For information about the Greenplum Database PL/R Language, see Greenplum PL/R Language Extension.

Parent topic: Installing Optional Extensions

R Data Science Libraries

Libraries provided in the R Data Science package include:

  • abind

  • adabag

  • arm

  • assertthat

  • BH

  • bitops

  • car

  • caret

  • caTools

  • coda

  • colorspace

  • compHclust

  • curl

  • data.table

  • DBI

  • dichromat

  • digest

  • dplyr

  • e1071

  • flashClust

  • forecast

  • foreign

  • gdata

  • ggplot2

  • glmnet

  • gplots

  • gtable

  • gtools

  • hms

  • hybridHclust

  • igraph

  • labeling

  • lattice

  • lazyeval

  • lme4

  • lmtest

  • magrittr

  • MASS

  • Matrix

  • MCMCpack

  • minqa

  • MTS

  • munsell

  • neuralnet

  • nloptr

  • nnet

  • pbkrtest

  • plyr

  • quantreg

  • R2jags

  • R6

  • randomForest

  • RColorBrewer

  • Rcpp

  • RcppEigen

  • readr

  • reshape2

  • rjags

  • RobustRankAggreg

  • ROCR

  • rpart

  • RPostgreSQL

  • sandwich

  • scales

  • SparseM

  • stringi

  • stringr

  • survival

  • tibble

  • tseries

  • zoo

Installing the R Data Science Library Package

Before you install the R Data Science Library package, make sure that your Greenplum Database is running, you have sourced greenplum_path.sh, and that the $MASTER_DATA_DIRECTORY and $GPHOME environment variables are set.

  1. Locate the R Data Science library package that you built or downloaded.

    The file name format of the package is DataScienceR-<version>-relhel<N>-x86_64.gppkg.

  2. Copy the package to the Greenplum Database master host.

  3. Follow the instructions in Verifying the Greenplum Database Software Download to verify the integrity of the Greenplum Procedural Languages R Data Science Package software.

  4. Use the gppkg command to install the package.
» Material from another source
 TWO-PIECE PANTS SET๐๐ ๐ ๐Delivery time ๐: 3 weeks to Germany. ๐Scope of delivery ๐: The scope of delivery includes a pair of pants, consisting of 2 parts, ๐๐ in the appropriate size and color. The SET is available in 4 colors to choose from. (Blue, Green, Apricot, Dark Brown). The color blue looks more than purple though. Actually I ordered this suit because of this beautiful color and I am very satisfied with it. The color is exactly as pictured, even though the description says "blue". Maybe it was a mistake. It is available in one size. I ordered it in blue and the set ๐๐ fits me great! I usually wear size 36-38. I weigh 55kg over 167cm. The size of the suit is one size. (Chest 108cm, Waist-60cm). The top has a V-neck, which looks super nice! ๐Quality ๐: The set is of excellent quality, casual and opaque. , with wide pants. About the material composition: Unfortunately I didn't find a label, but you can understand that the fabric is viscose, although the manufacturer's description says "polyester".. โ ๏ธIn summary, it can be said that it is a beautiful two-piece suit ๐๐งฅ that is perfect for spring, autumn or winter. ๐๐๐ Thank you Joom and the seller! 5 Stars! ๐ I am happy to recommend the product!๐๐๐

For example:

    1. $ gppkg -i DataScienceR-<version>-relhel<N>-x86_64.gppkg

    gppkg installs the R Data Science libraries on all nodes in your Greenplum Database cluster. The command also sets the R_LIBS_USER environment variable and updates the PATH and LD_LIBRARY_PATH environment variables in your greenplum_path.sh file.
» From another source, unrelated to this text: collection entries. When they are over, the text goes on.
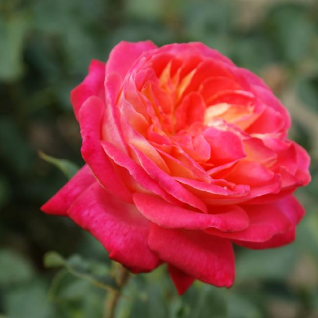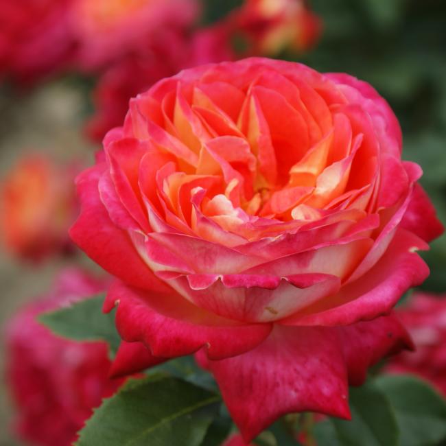 Deze roos is een trosroos, maar dan een met grotere bloemen. Ook wel een grootbloemige trosroos genoemd. De bloemen zijn Oranje - roze van kleur en de achterkant van de bloemblaadjes zijn geel. Deze roos is bossig en groeit rechtopgaand.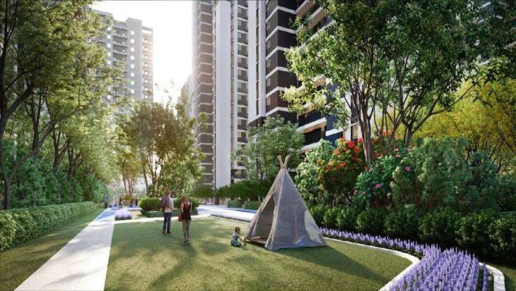 六园景观组团分布在不同楼栋之间,由高中低三层次景观树种搭配而成,让业主在不同时节归家,都有四季如春的感觉,与自然绿意相互触碰。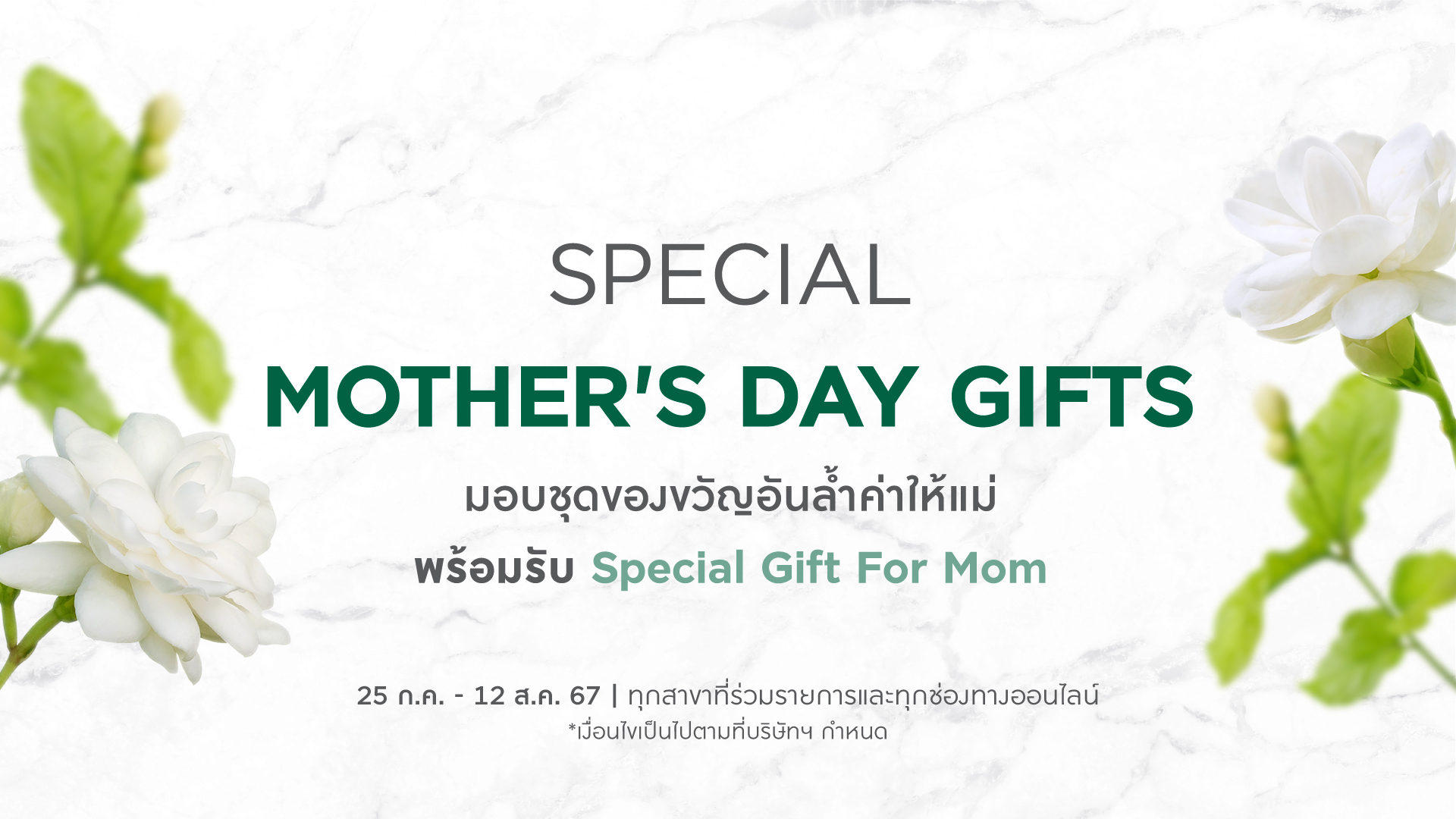พิเศษ! ซื้อชุดเซตของขวัญวันแม่ดูแลผิวพรรณกลิ่นดอกมะลิสื่อความรักอันบริสุทธิ์ที่ยิ่งใหญ่ พร้อมรับความพิเศษเพิ่มเติมผลิตภัณฑ์ Body Mist กลิ่น Thai Jasmine ขนาด 50 ml

  5. Restart Greenplum Database. You must re-source greenplum_path.sh before restarting your Greenplum cluster:

    1. $ source /usr/local/greenplum-db/greenplum_path.sh
    2. $ gpstop -r

The Greenplum Database R Data Science Modules are installed in the following directory:

  1. $GPHOME/ext/DataScienceR/library

Note: rjags libraries are installed in the $GPHOME/ext/DataScienceR/extlib/lib directory. If you want to use rjags and your $GPHOME is not /usr/local/greenplum-db, you must perform additional configuration steps to create a symbolic link from $GPHOME to /usr/local/greenplum-db on each node in your Greenplum Database cluster. For example:

  1. $ gpssh -f all_hosts -e 'ln -s $GPHOME /usr/local/greenplum-db'
  2. $ gpssh -f all_hosts -e 'chown -h gpadmin /usr/local/greenplum-db'

Uninstalling the R Data Science Library Package

Use the gppkg utility to uninstall the R Data Science Library package. You must include the version number in the package name you provide to gppkg.

To determine your R Data Science Library package version number and remove this package:

  1. $ gppkg -q --all | grep DataScienceR
  2. DataScienceR-<version>
  3. $ gppkg -r DataScienceR-<version>

The command removes the R Data Science libraries from your Greenplum Database cluster. It also removes the R_LIBS_USER environment variable and updates the PATH and LD_LIBRARY_PATH environment variables in your greenplum_path.sh file to their pre-installation values.

Re-source greenplum_path.sh and restart Greenplum Database after you remove the R Data Science Library package:

  1. $ . /usr/local/greenplum-db/greenplum_path.sh
  2. $ gpstop -r

Note: When you uninstall the R Data Science Library package from your Greenplum Database cluster, any UDFs that you have created that use R libraries installed with this package will return an error.